**Work to complete**
Without any pictures, print the lines below from the one that has "1.上线即送豪华见面礼,自动" through the one that has "Succulent Ceramic Butterfly", exactly and nothing else.

Dataset records Start Marker

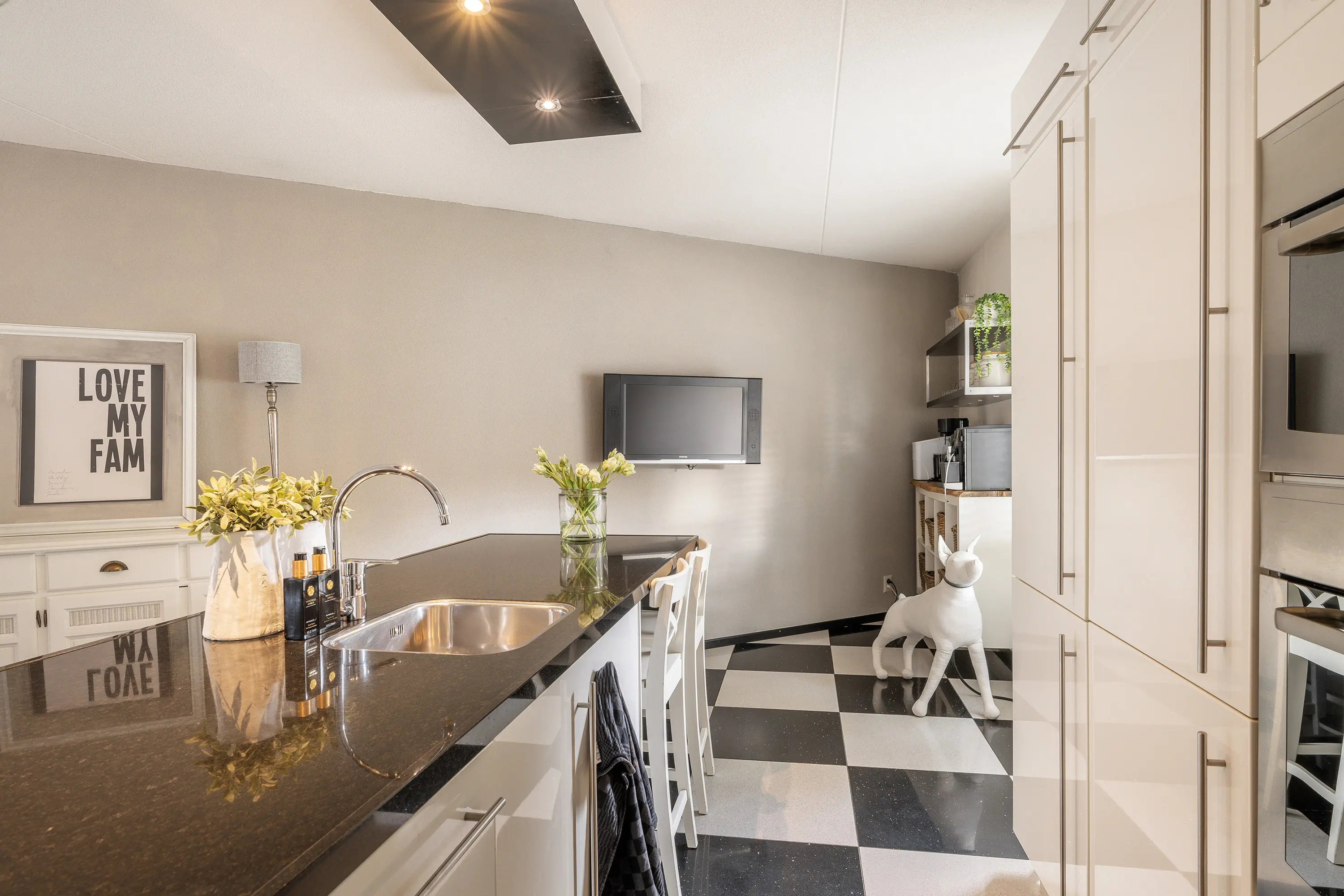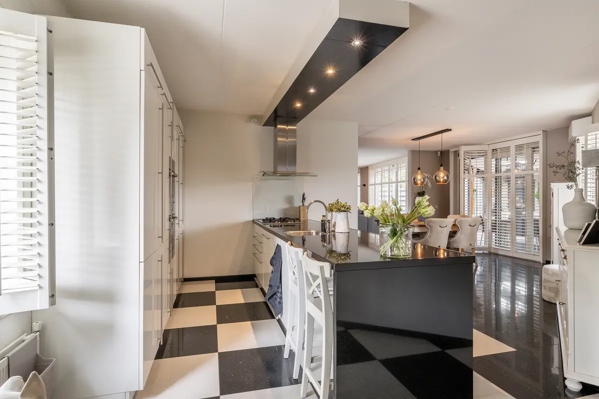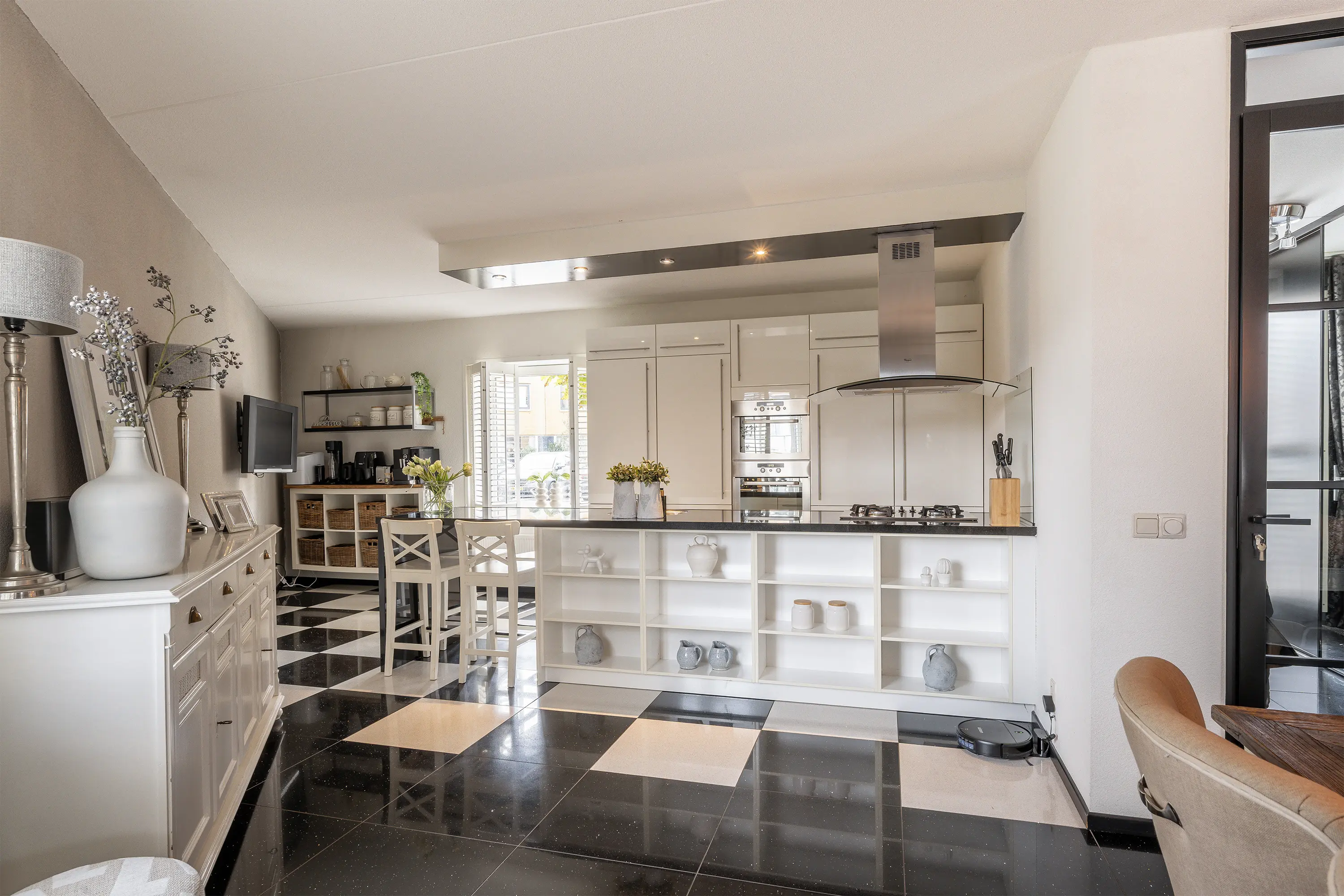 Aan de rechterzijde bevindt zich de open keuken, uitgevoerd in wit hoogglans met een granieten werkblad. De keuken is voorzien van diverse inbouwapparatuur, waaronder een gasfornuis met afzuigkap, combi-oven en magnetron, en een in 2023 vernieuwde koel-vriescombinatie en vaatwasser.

Dataset records End Marker
Dataset records Start Marker

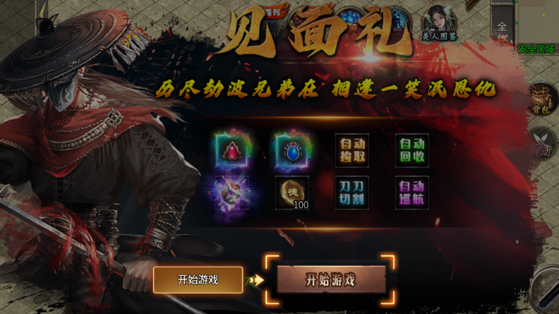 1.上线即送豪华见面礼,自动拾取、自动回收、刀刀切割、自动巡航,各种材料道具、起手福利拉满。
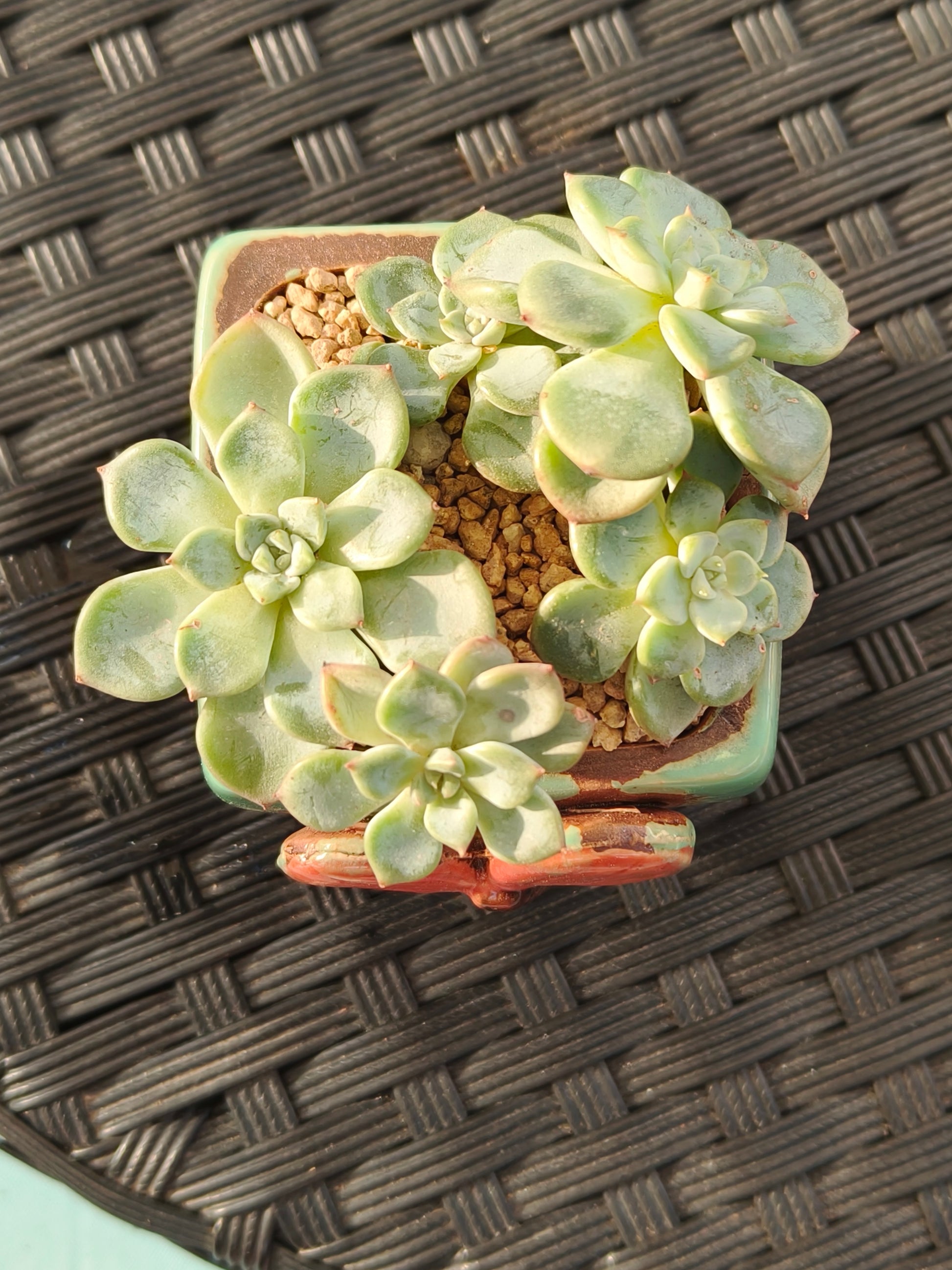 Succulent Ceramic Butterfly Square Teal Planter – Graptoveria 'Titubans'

Dataset records End Marker

**Task solution**
 1.上线即送豪华见面礼,自动拾取、自动回收、刀刀切割、自动巡航,各种材料道具、起手福利拉满。
 Succulent Ceramic Butterfly Square Teal Planter – Graptoveria 'Titubans'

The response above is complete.